**Given records**
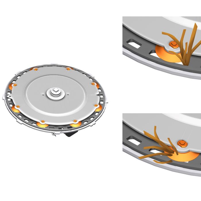 Элементы инжектора имеют по 2 выхода и зафиксированы на шасси при помощи оси. Они могут поворачиваться на 30° (15° вправо и 15° влево), чтобы следовать изогнутой траектории, не приподнимая при этом орудие и не повреждая травостой. Для гарантии долгого срока службы все элементы орудия оцинкованы.
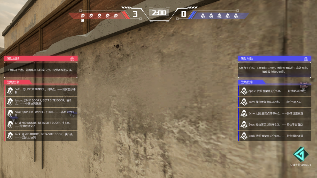 角色视角下,可查看当前角色所在队伍的Commander下发给该角色的团队战略以及个人任务,同样双击O键查看详细CoT内容。
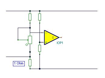 A müv erősítő akkor ad + Ut körüli értéket ha a pozitív bemenetén magasabb a feszültség mint a negatívon. A többi csak feszültségosztás. Akkor billen a kapcsolás, ha az 1 Ohm-on (lehet szerintem kisebb is ) a terhellés hatására emelkedő feszültség hozzáadódik a pozitív bemeneti osztó talppontjához es így a negatív fölé emelkedik.
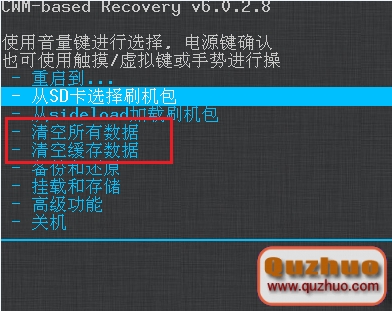 2、首先我們對手機進行刷機前的必備操作,雙清(清空所有數據和清空緩存數據),使用音量鍵選擇,電源鍵確認。
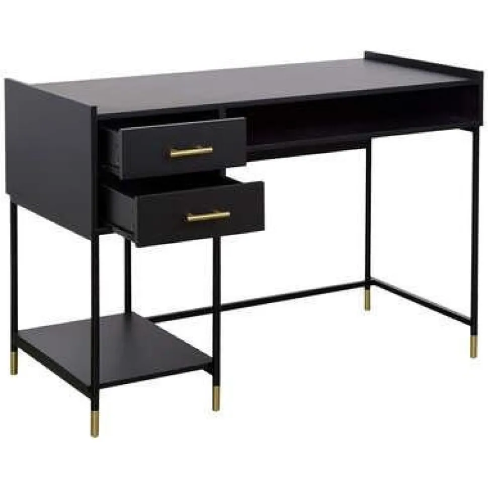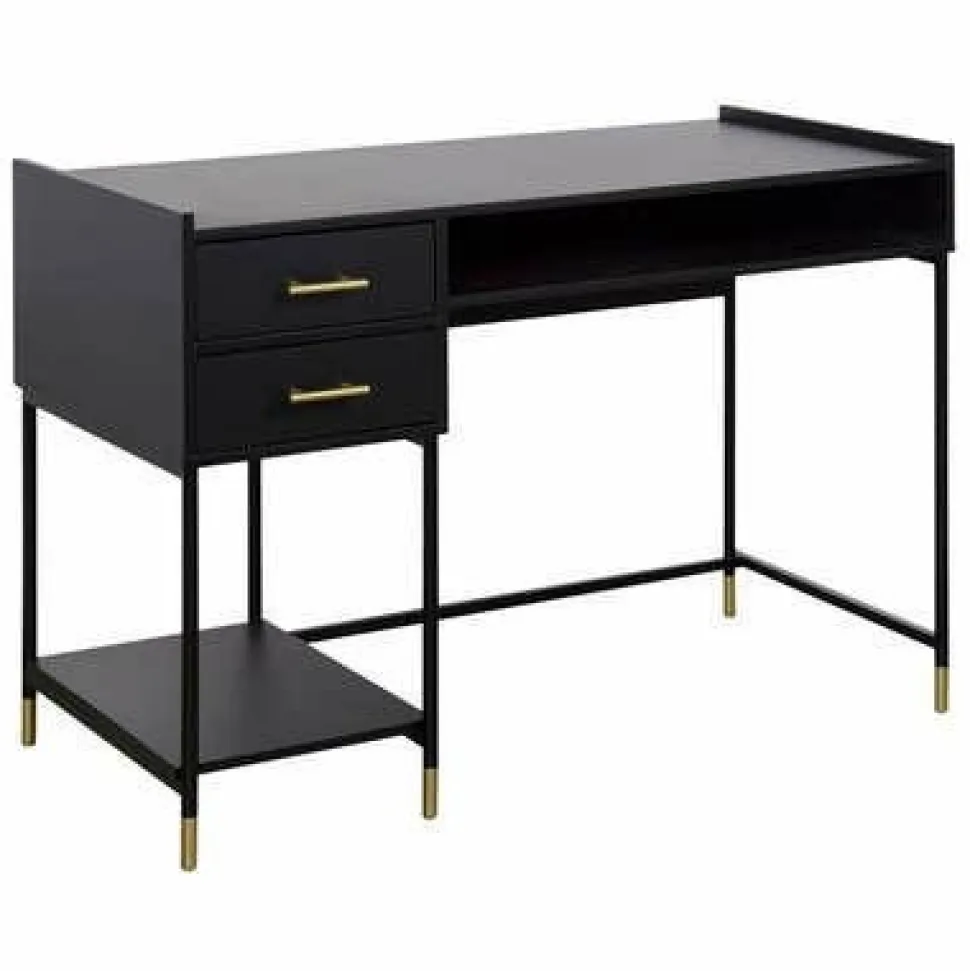 Biurko z serii mebli Tedyto kwintesencja stylu Modern glamour. Połączenie czerni z dodatkami w kolorze złotym tworzy mebel niezwykle eleganckim, obok którego nie da się przejść obojętnie. Biurko o szerokości 110 cm sprawdzi się w pomieszczeniu nawet o niewielkim metrażu. Pomoże ci przechować dokumenty, przedmioty potrzebne do pracy czy szkoły. Sprawdzi się doskonale w sypialni, pokoju nastolatka czy w biurze, a zarazem będzie niezwykłą ozdoba, która doda charakteru twojemu wnętrzu. Jest to mebel wykonany z najlepszej jakości materiałów, który posłuży ci na lata. Jeśli jesteś fanem klasycznych i eleganckich rozwiązań to trafiłeś idealnie!
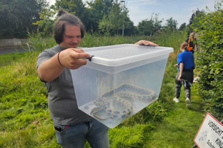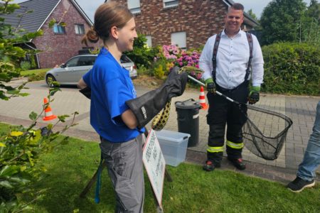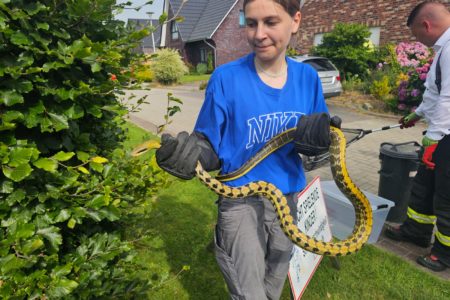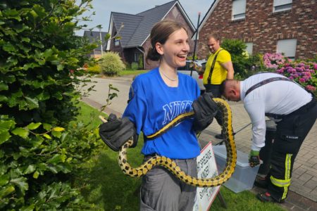 Tierrettungen sind regelmäßig Anlass für Feuerwehreinsätze. Manchmal gehört auch das Einfangen entflohener Tiere dazu. In der Regel handelt es sich dabei um unterschiedliche Wildtiere oder aber Haustiere wie Hunde, Katzen und Vögel. Ebenso beschäftigen immer wieder Nutztiere wie Pferde und Kühe die Einsatzkräfte. Mit exotischen Reptilien haben es die Feuerwehrleute dagegen eher selten zu tun. Am Montagnachmittag stand nun die Freiwillige Feuerwehr Norden vor der besonderen Aufgabe eine mehr als zwei Meter lange Schlange einzufangen. Anwohner der Siedlung Vor dem Wischer hatten das Tier in ihrem Garten entdeckt.
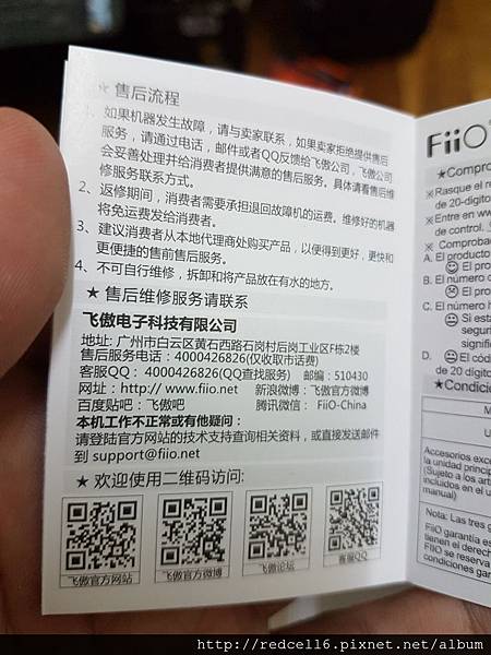 【▼】FiiO X1 II隨身入門無損音樂播放器保固卡詳細說明防偽方式及售後服務等連絡方式。

**Activity**
A word-for-word reproduction is needed of the lines above from the line containing "角色视角下,可查看当前角色所" through the line containing "Biurko z serii", with both ends kept and no pictures.

**Answer section**
 角色视角下,可查看当前角色所在队伍的Commander下发给该角色的团队战略以及个人任务,同样双击O键查看详细CoT内容。
 A müv erősítő akkor ad + Ut körüli értéket ha a pozitív bemenetén magasabb a feszültség mint a negatívon. A többi csak feszültségosztás. Akkor billen a kapcsolás, ha az 1 Ohm-on (lehet szerintem kisebb is ) a terhellés hatására emelkedő feszültség hozzáadódik a pozitív bemeneti osztó talppontjához es így a negatív fölé emelkedik.
 2、首先我們對手機進行刷機前的必備操作,雙清(清空所有數據和清空緩存數據),使用音量鍵選擇,電源鍵確認。
 Biurko z serii mebli Tedyto kwintesencja stylu Modern glamour. Połączenie czerni z dodatkami w kolorze złotym tworzy mebel niezwykle eleganckim, obok którego nie da się przejść obojętnie. Biurko o szerokości 110 cm sprawdzi się w pomieszczeniu nawet o niewielkim metrażu. Pomoże ci przechować dokumenty, przedmioty potrzebne do pracy czy szkoły. Sprawdzi się doskonale w sypialni, pokoju nastolatka czy w biurze, a zarazem będzie niezwykłą ozdoba, która doda charakteru twojemu wnętrzu. Jest to mebel wykonany z najlepszej jakości materiałów, który posłuży ci na lata. Jeśli jesteś fanem klasycznych i eleganckich rozwiązań to trafiłeś idealnie!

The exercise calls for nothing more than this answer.